A woman was enjoying a game of bridge with her
girlfriends one evening, but had to rush home and fix
dinner for her husband, who would be really hacked off if it wasn't ready on time. When she got home, she realised that she didn't have enough time to go to the supermarket, and all she had in the cupboard was a wilted lettuce leaf, an egg, and a can of cat food. In a panic, she opened the can of cat food, stirred in the egg, and garnished it with the lettuce leaf just as her husband pulled up. She greeted her husband and then watched apprehensively as he sat down to his dinner. To her surprise, the husband really enjoyed it. "Darling, this is the best dinner you've made for me in forty years of marriage. You can make this for me any day" he enthused. Needless to say, every weekly bridge night from then on, the woman made her husband the same dish. She told her bridge cronies about it and they were all
horrified. "You're going to kill him!" they exclaimed.

Two months later, her husband died. The women were sitting around the table playing bridge the next time when one of her friends said, "You killed him! We told you that feeding him that cat food every week would do him in! How can you just sit there so calmly and play bridge knowing you killed your husband?"

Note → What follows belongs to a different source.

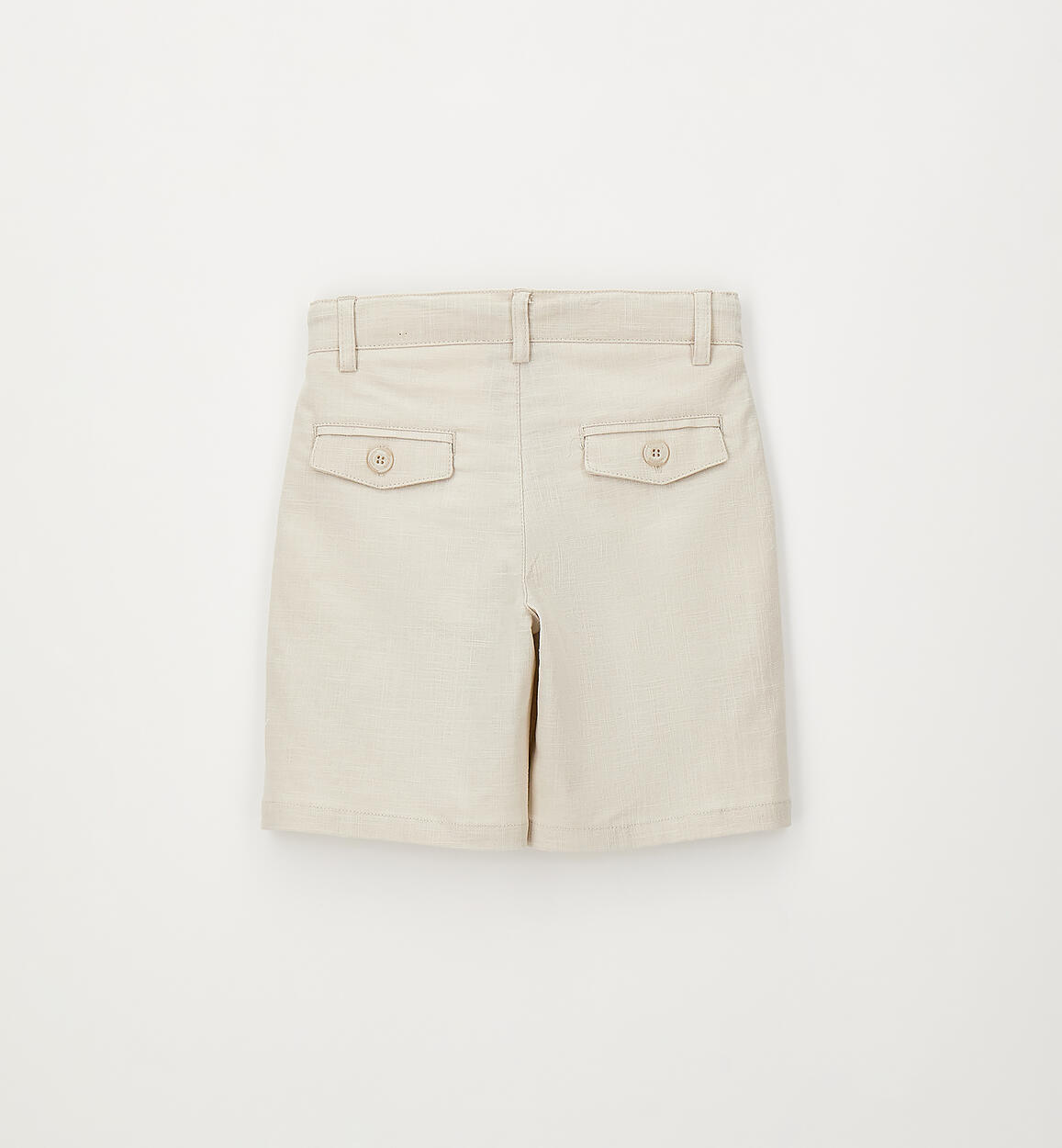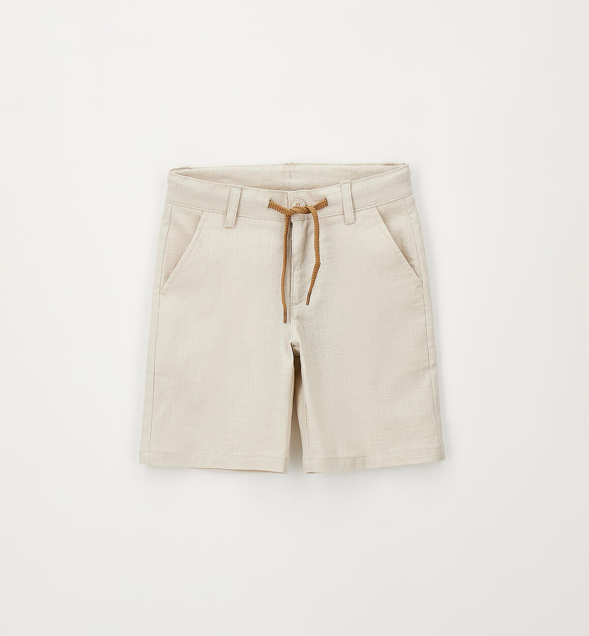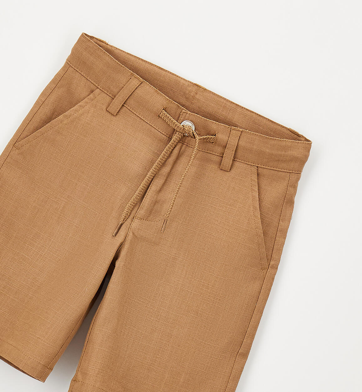 Sarabanda boys' shorts made of linen and cotton. Elastic waistband and drawstring. Adjustable waistband with internal buttonhole. Knee-length. Regular fit.Composition

The wife stoically replied, "I didn't kill him - he fell off the mantelpiece while licking his arse."


----------



## stanttman (Feb 3, 2005)

that was really funny nice one mate :lol:


----------



## Mrs Wallsendmag (Dec 13, 2005)

:lol: :lol:


----------



## DGW131 (Feb 20, 2005)

nice one :lol: :lol: :wink:


----------



## beastty (May 7, 2002)

stanttman said:


> that was really funny nice one mate :lol:


Cheers
But blimey you really must have too much time on your hands or be a very slow reader


----------